Graduate with class?
July 29, 1998
The University of Iowa is instituting a policy to bring a little class back into their graduation ceremonies.
Apparently, in past years, students at our sister school have taken liberties with the dignity and grandeur that graduation is supposed to entail.
Previous U of I graduates have attended wearing shorts (if anything) under their gowns, displaying obscene messages on their caps, or even under the influence of foreign substances.
For some, the memo to “Graduate With Class” mailed recently could not have come soon enough, as the summer session draws to a close and U of I officials hope for the best but prepare for the worst.
Since we so rarely get to take this position, let us be the first to say: Lighten up!
Maybe if the school in question were Harvard or Yale we could accept that students should be buying into the whole “dignified graduation aesthetic.”

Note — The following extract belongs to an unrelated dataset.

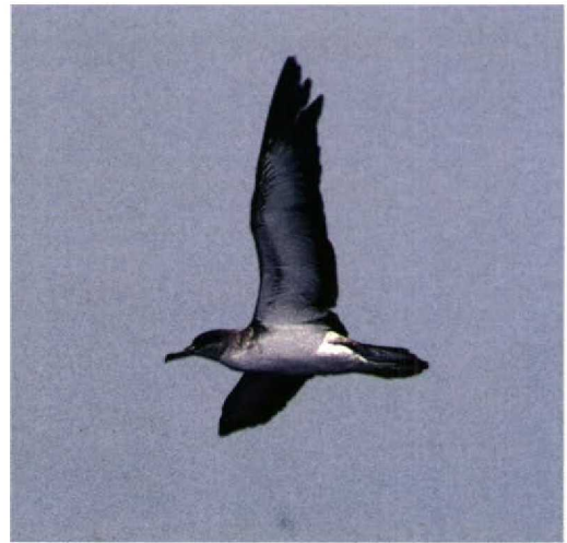
184-185 Cape Verde Shearwater / Kaauperdiche Pijlstormvogel Calonectris edwardsii , off Senegal, October 1996

the northern winter in Argentine and Brazilian waters (eg, Mougin et al 1988, Cantos & Gómez-Manzanique 1996). Then, during the northern spring, they head north to Central and North American waters where they stay during the summer. Immature borealis return to their South American wintering grounds either via Central America or via Europe (Mougin et al 1988, Paterson 1997). Immature diomedea spend the northern winter in southern African waters. Then they return to the Mediterranean Sea and European Atlantic waters to spend the summer (Mougin et al 1988). The migration patterns of adult borealis and diomedea are less complicated. They migrate directly to and back from their South American and southern African wintering waters, respectively (Mougin et al 1988). Some diomedea overwinter in the Mediterranean Sea (Paterson 1997) and off the Atlantic coast of Morocco (Thibault et al 1997). Interestingly, diomedea has been recorded off New England, USA, and borealis off South Africa (Cramp & Simmons 1977). Vagrant borealis (and/or diomedea ) are regular in the Indian Ocean (Thibault et al 1997) and have been recorded as far as New Zealand (Tunncliffe 1982).

But any institution which emphasizes liberal arts should not only allow its students to make graduation their own unique experience, it should encourage it.
Students can spend four or five years as undergraduates.
We work and live in communities which enforce rules uniquely designed to limit freedoms that most adults take for granted.
Meanwhile, administrators with little vested interest in our beloved institutions routinely raise our tuition rates, room and board costs and book prices until it hurts.
Many students accumulate debts they will never be able to pay off while simultaneously looking forward to a future which is only slightly brighter for all of their efforts.
There is no greater insult which could possibly be added to four years of injurious, collegiate subservience than to be told, loudly and publicly, to behave according to some stuffy administrator’s definition of dignity.
We say that if after four more years of being treated like high-schoolers, students want to have a graduation ceremony that isn’t 100% mind-numbing boredom filled with lame “go forth and do great things” speeches — go for it!
What is so dignified about sitting still for three hours, anyway?
If the U of I administration is really concerned with dignity, they should start by dignifying student individuality and not get into playing the heavy-handed enforcer with students who would like nothing more than to leave their alma mater with a few happy memories.